Death Valley May Have Just Set A New Global Heat Record


Katy Evans

Katy is Managing Editor at IFLScience where she oversees editorial content from News articles to Features, and even occasionally writes some.

Managing Editor

Death Valley National Park. Katrina Brown/Shutterstock

California's Death Valley may have just set a world-beating temperature record with a dizzying 54.4°C (130°F) recorded on Sunday, August 16.

It still needs to be verified by the National Weather Service, but if it’s confirmed it smashes quite a few records: the hottest temperature recorded at Death Valley in 100 years, the hottest August temperature recorded there by 1.6°C (3°F), and potentially the world’s hottest temperature recorded anywhere.


The temperature was recorded in the aptly named Furnace Creek at 3.41pm local time on Sunday, August 16, as California bakes in a heatwave that has seen wildfires, firenadoes, and power outages across the state, with no signs of letting up.

The official global heat record, according to the World Meteorological Organization (WMO), is also at Furnace Creek, which recorded an air temperature of 56.7°C (134.1°F) on July 10, 1913. However, the validity of this temperature has been disputed by many experts, particularly after a former world-record measured in Libya was overruled in 2012.  

Heat records are measured in three ways: air temperatures, ground temperatures, and via satellite.

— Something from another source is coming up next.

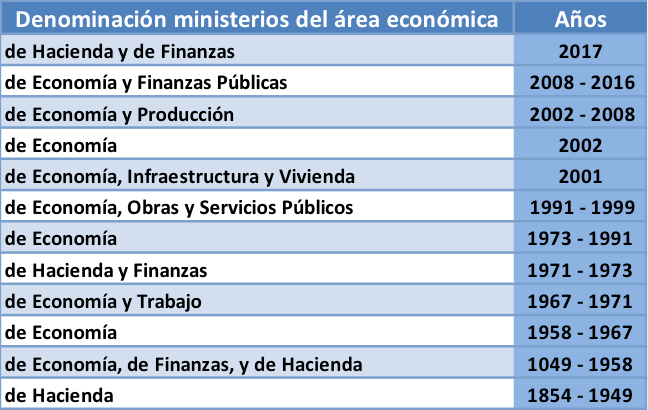 Pero ya hace 68 años que su predominancia se amenguó, con el agregado de las carteras de Economía y Finanzas como ministerios paralelos. Y luego hace ya 59 años, desaparecieron las carteras de Hacienda y Finanzas, que pasaron a ser secretarías. Para solo volver a revivir durante tres años en la penúltima dictadura militar que rigió en el país entre 1966 y 1973, como se puede apreciar en la tabla adjunta. Estableciendo esto un curioso paralelismo con Cambiemos, el actual partido gobernante, que también podría llamarse Retrocedemos.

The standard for measuring temperature is through the air – 1.5 meters (4.9 feet) above the ground and shielded from sunlight. However, this doesn’t take into consideration other factors like environmental conditions. One of the main criticisms against the 1913 record is that a sandstorm recorded at the same time may have superheated the ground and shelter where the gauge was stationed.

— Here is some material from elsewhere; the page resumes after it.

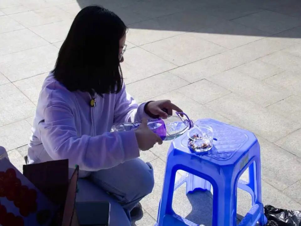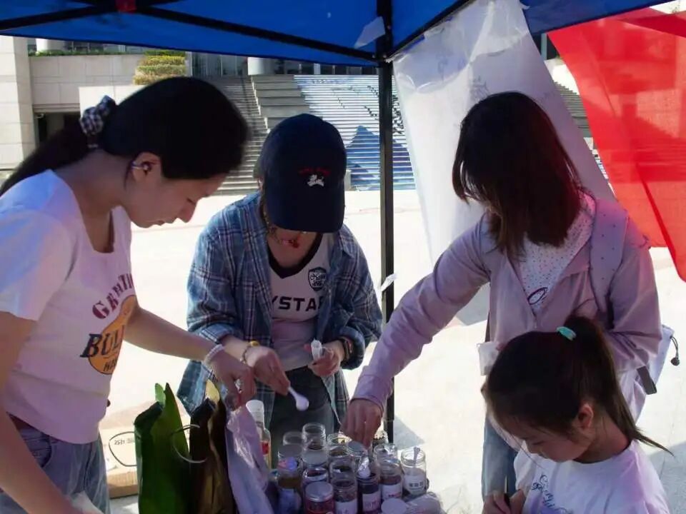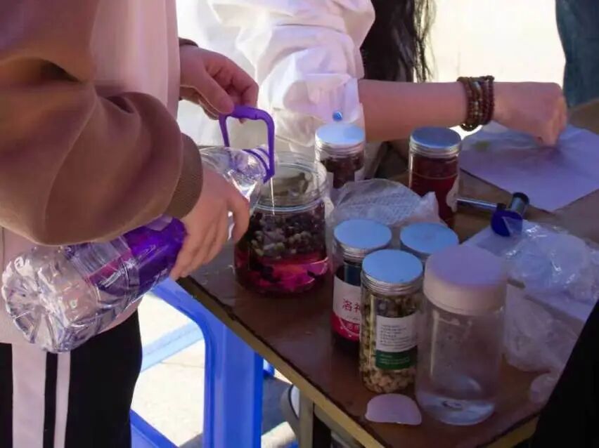 花茶DIY区香气氤氲,玫瑰、茉莉、桂花等多种花材随心搭配。同学们亲手调制自己的“春日茶罐”,摇一摇,将春天的味道封存。注入热水,花香升腾,入口清润,仿佛喝下了一整个春天的柔软与安宁。

The former record held for 90 years was 58°C (136.4°F) at El Azizia, Libya on September 13, 1922. But in 2012, the WMO officially overturned this after evidence of an error in the temperature recording was revealed during an investigation carried out against the backdrop of the 2011 Libyan revolution. It's thought the temperature was taken above an asphalt-like material (rather than desert soil or sand) by an inexperienced observer, inflating the temperature.


The WMO has agreed to consider evidence to overrule the 1913 record, but even then the next agreed upon heat record is 53.9°C (129°F) recorded at, you guessed it, Furnace Creek, Death Valley, on July 1, 1913, so it can be universally agreed that Death Valley is one of, if not the, hottest place on Earth. 

It's one of the driest places on Earth too, with a yearly rainfall of just 6 centimeters (2.36 inches), and yet that doesn't mean it's a bland rocky desert where nothing survives. Death Valley not only briefly hosted a 16-kilometer-wide (10-mile) lake last year after 22 millimeters (0.87 inches) of rain fell in just 24 hours, it also hosts one of America's most spectacular superblooms every few years. It's even home to the world's rarest fish, the Devil's Hole pupfish, and a rare species of bee that carves its nest in the sandstone rock.

It turns out, even in one of the hottest, driest, deadliest places on Earth, life finds a way.